Wolf Richter, one smart housing and financial cookie, says, “Yes, when housing downturns are large enough, there can and likely will be a housing/mortgage crisis everywhere.”
Think about it this way. Rising housing markets generally have low down-payment requirements, low interest rates and low default rates. Banks and lenders are (or were in 2005 – 2007) offering mortgages right and left because housing prices only appreciate, right?
But then, interest rates start to rise and home prices start to fall and homeowners start to see that they’re paying monthly interest rates that are higher than the value of their homes and they start to default. We’ve watched this movie before…some of us watched it in real time 10 years ago and some of us just read the book The Big Short or watched the movie by the same name 5 years ago.
What happens when homeowners default on their monthly mortgage payments varies on a state-by-state basis. Some states have recourse mortgage laws. Recourse mortgages allow banks/lenders to foreclose on the collateral in the home AND then pursue the homeowner in court for the difference between the collateral proceeds from the sale of the home and the outstanding mortgage (plus interest, fees, etc.) amount. Lenders can go after the homeowner’s other assets, garnish their wages, etc. until the homeowner pays the bank/ender everything off and settles with the bank. The only other option the borrower has in this situation would be to declare bankruptcy.

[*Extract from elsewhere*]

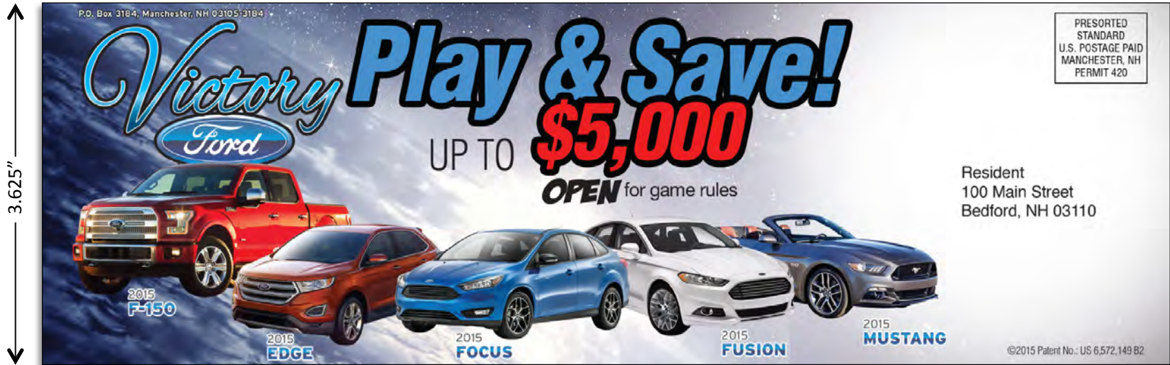
Mailer Front Cover

A non-recourse mortgage limits the banks/lenders from going after the homeowner for anything on top of the collateral in the house. The lender/bank just has to swallow those losses from unpaid mortgage fees, interest, etc. And the homeowner gets to move on without paying any more debt.
There are 12 non-recourse states (Alabama, Arizona, California, Iowa, Minnesota, Montana, North Carolina, North Dakota, Oregon, Washington, Wisconsin and Nevada. There are 38 states and the District of Columbia that follow recourse laws.
Despite the intention of mortgage laws, nothing about these non-recourse and recourse mortgage laws have done anything to deter homeowners from defaulting on their mortgages and doing damages to mortgage insurers, banks and lenders.
Wolf Richter writes that “mortgage crises happen because the people on the margin – the 10% most vulnerable people – along with people and investors who’ve simply gotten in over their heads during periods of irrational exuberance throw in the towel regardless of any theoretical rights that banks have in chasing after them.”
Such a mortgage crisis happened in Spain in late 2007. Such a crisis could easily happen in Australia and Canada where prices are at all time highs, interest rates are climbing and defaults are beginning to increase. No country is immune from housing busts and mortgage crises.
And because memories are short, no country is immune from (recurring) housing busts and mortgage crises, it’s important to acknowledge that size matters. that, as Richter writes, “when the US catches a cold the world catches pneumonia.”